What's going on? Are they doing apoptosis, or are they restoring to normal cellular behavior, or what's going on there? We believe it's apoptosis, so they're dying from not having enough energy because they're addicted to the energy. But we saw that a marker for cancer stem cells was specifically reduced, CD44. So we need more studies like that where we take FDA-approved drugs. How challenging is it? How challenging or expensive, or what has to happen to just...
to have like more of those happening all the time you know like those types of studies well we did that trial in the EU yeah and one of the benefits of doing that in Italy was that the cost of the trial was much less so for example uh you only have to pay for the drug and the insurance so then uh it's actually very inexpensive to do the trial we're talking about like maybe 15
20,000 euro, something like that, because the drug is already FDA approved. So you can just use the standard drug from the pharmacy. You just need to prescribe that for the patients.
And then the rest is the insurance because you're working with human subjects. Pardon my ignorance here, but how come if it did, you know, if it got those great results, how come people didn't want to do that a hundred times more? Just keep saying if it keeps doing the same thing, like how hard is that to repeat? Other groups say, hey, let's repeat what you did there. That's pretty good. You have plenty of citations. People know who you are. Did anybody repeat your work? No.
Window trials we need definitely more of those window trolls, but I just I guess I guess what I'm asking is what what's Why isn't there more repetition of this? Yeah, no, no, I guess you know there is you know in order to do those kinds of trials on a larger scale it's very expensive yeah, so for you know large pharma companies there has to be a profit motive there, you know and
So that probably is related. But, you know, doxycycline is actually quite a good drug. And it would be I would be delighted if it was approved for cancer therapy. The problem also is that a lot of people had a knee jerk response when you mentioned antibiotic because they become very concerned about drug resistance, antibiotic resistance. But I think, you know, that is a concern. But doxycycline has a very good history where there is very little or no
antibiotic resistance. Yeah. And people take it for six months at a time for acne, and then they take a drug holiday and they come right back on the drug. So, you know, people... Six months at a time? Yeah, because, you know, it's that safe. It's been around... It doesn't wipe out your good bacteria like they always worry about and all that? Take a probiotic. Yeah. You know, this is... I'm not making this stuff up. This is...

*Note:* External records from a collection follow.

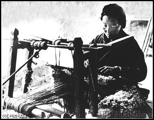 Nangsan in Guntang Shika Manor weaving Tibetan quilts for the estate owner (1957)
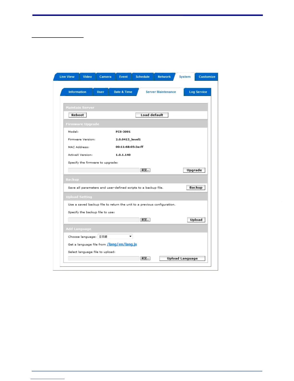 This page provides tool for system maintenance; Reboot and Load default settings, as well as
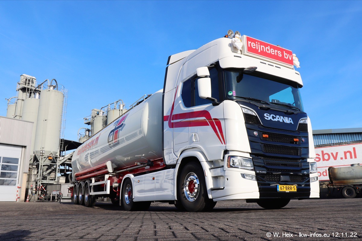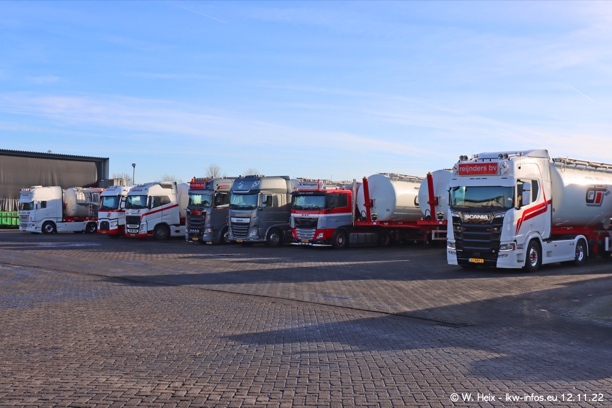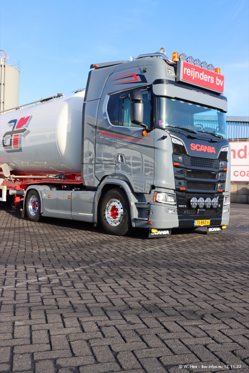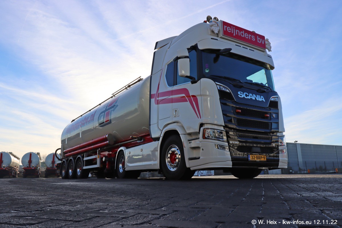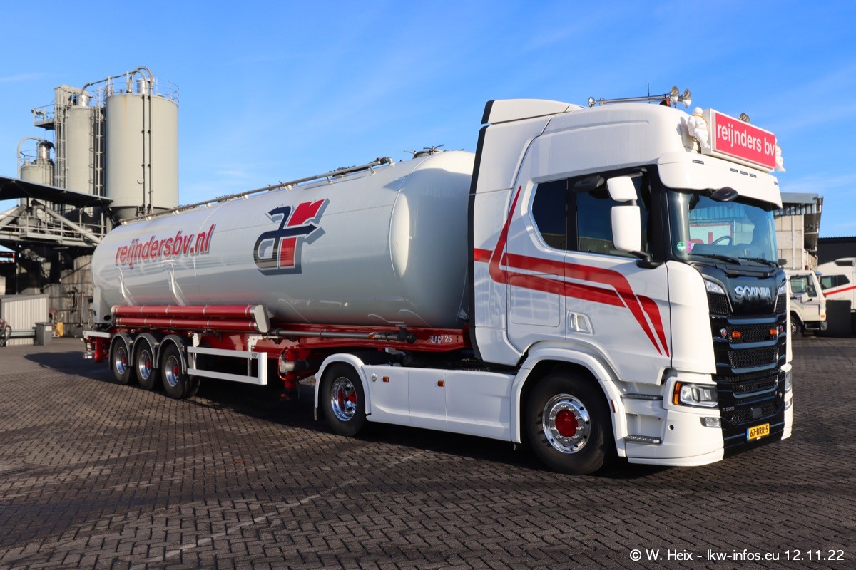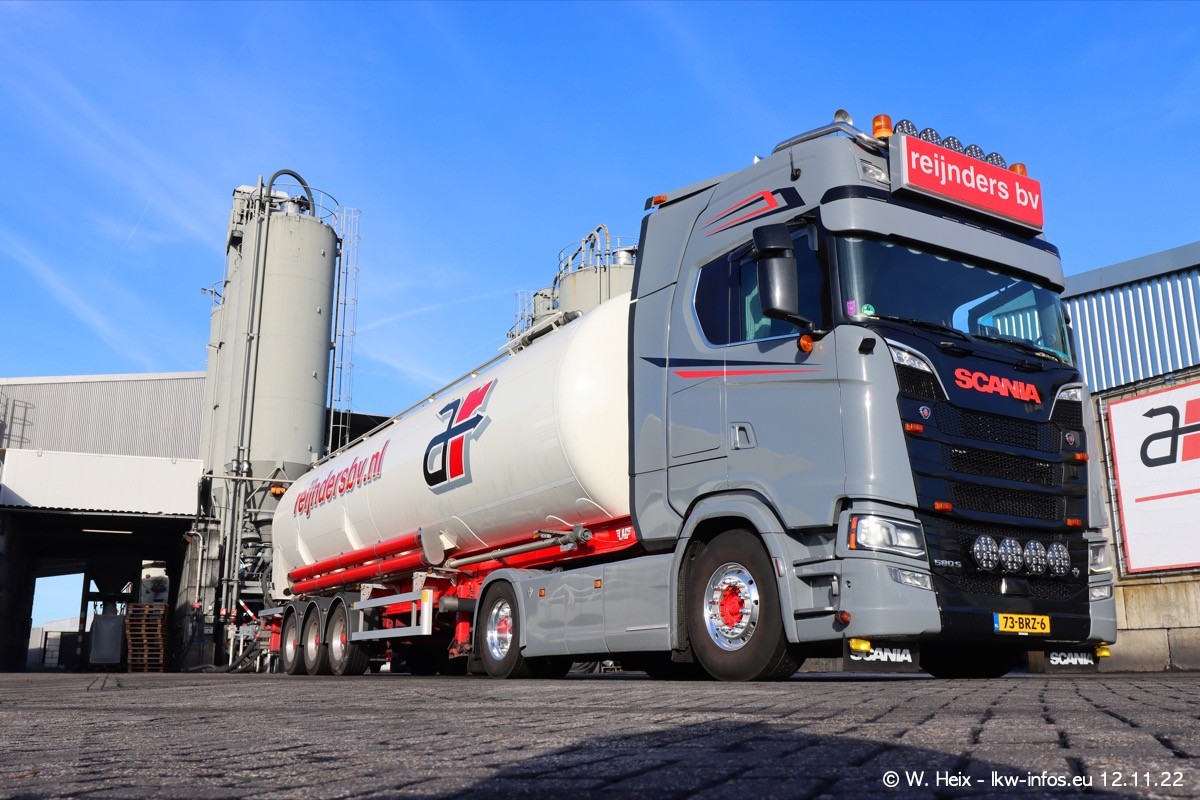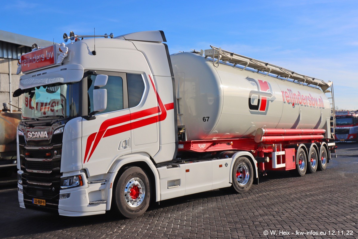 Diesmal war ich für ein Fotoshooting bei Reijnders zu Besuch. Normalerweise stehen samstags schon recht früh am Vormittag alle LKW gewaschen in einer Reihe "für das Wochenende". Das war heute anders. Im Mittelpunkt standen natürlch die neuen LKW (DAF XG+, VOLVO FH 5, SCANIA S V8 NextGen), da diese auch ein neues Design bekommen haben. Die beiden "älteren" SCANIA S 520 V8 NextGen wurden optisch angepasst, die ersten Bilder gab es ja schon vom letzten Besuch zu sehen im Teil 5. Neu ist ein junger gebrauchter grauer SCANIA 580 S V8 NextGen. Auch dieses Fahrzeug wurde optisch an das neue Design angepasst. Auf den letzten Fotos gibt es einen SCANIA 530 S V8 NextGen in der eigenen Werkstatt zu sehen. Der wird bald auch auf der Straße sein. Das Wetter war super und ausreichend Platz ist auf dem Gelände auch vorhanden, um die LKW zu fotografieren.

the standard treatment for acne, for example, or acne rosacea. So it's one of those drugs that's not very toxic that can be well tolerated. And so, you know, I'd love to see this move forward, but it's not approved clinically. People can use it off-label, which is what they, you know, you can have it prescribed by a doctor if they're on...
Yeah, I was just going to say there's a lot of doctors that, you know, I remember you were early on, and I don't want to go into the details too much, with the pandemic recommending doxycycline as a prophylactic, right, for these frontline hair treatment groups. And actually, you know, it really did catch on. A lot of people...
A lot of doctors, especially in America, you know, are still, there's a whole, you know, I know a lot of the guys, Dr. Peter McCullough, Dr. Pierre McCullough, excuse me, Dr. Pierre Corey and Peter McCullough and other folks who have been using doxycycline as a prophylactic and as a treatment for that pandemic issue. So it's shown that it can do some remarkable things. And you were right about that. To Dr. Fauci's original research, you know, he actually showed many years ago
early in his career, they actually had samples from patients who had died during the 1920s from the flu. You know, there was the flu pandemic. And a lot of the soldiers, they still had the patient material from those soldiers. And they went back and they looked at the lungs and they stained them. And they saw that those patients had bacterial infections. So they figured out, you know, there's something called bacterial superinfection. So when you have a virus that
It sort of fertilizes the soil of the lung for bacterial infection. But those patients didn't die necessarily. He proposed that they didn't die from the virus. They actually died from the bacterial infection. So what they should be doing and what he proposed in his paper many years ago is that they should be treating patients with viral infections with antibiotics, which is actually what ultimately happened with COVID as well. And I found a trial online also.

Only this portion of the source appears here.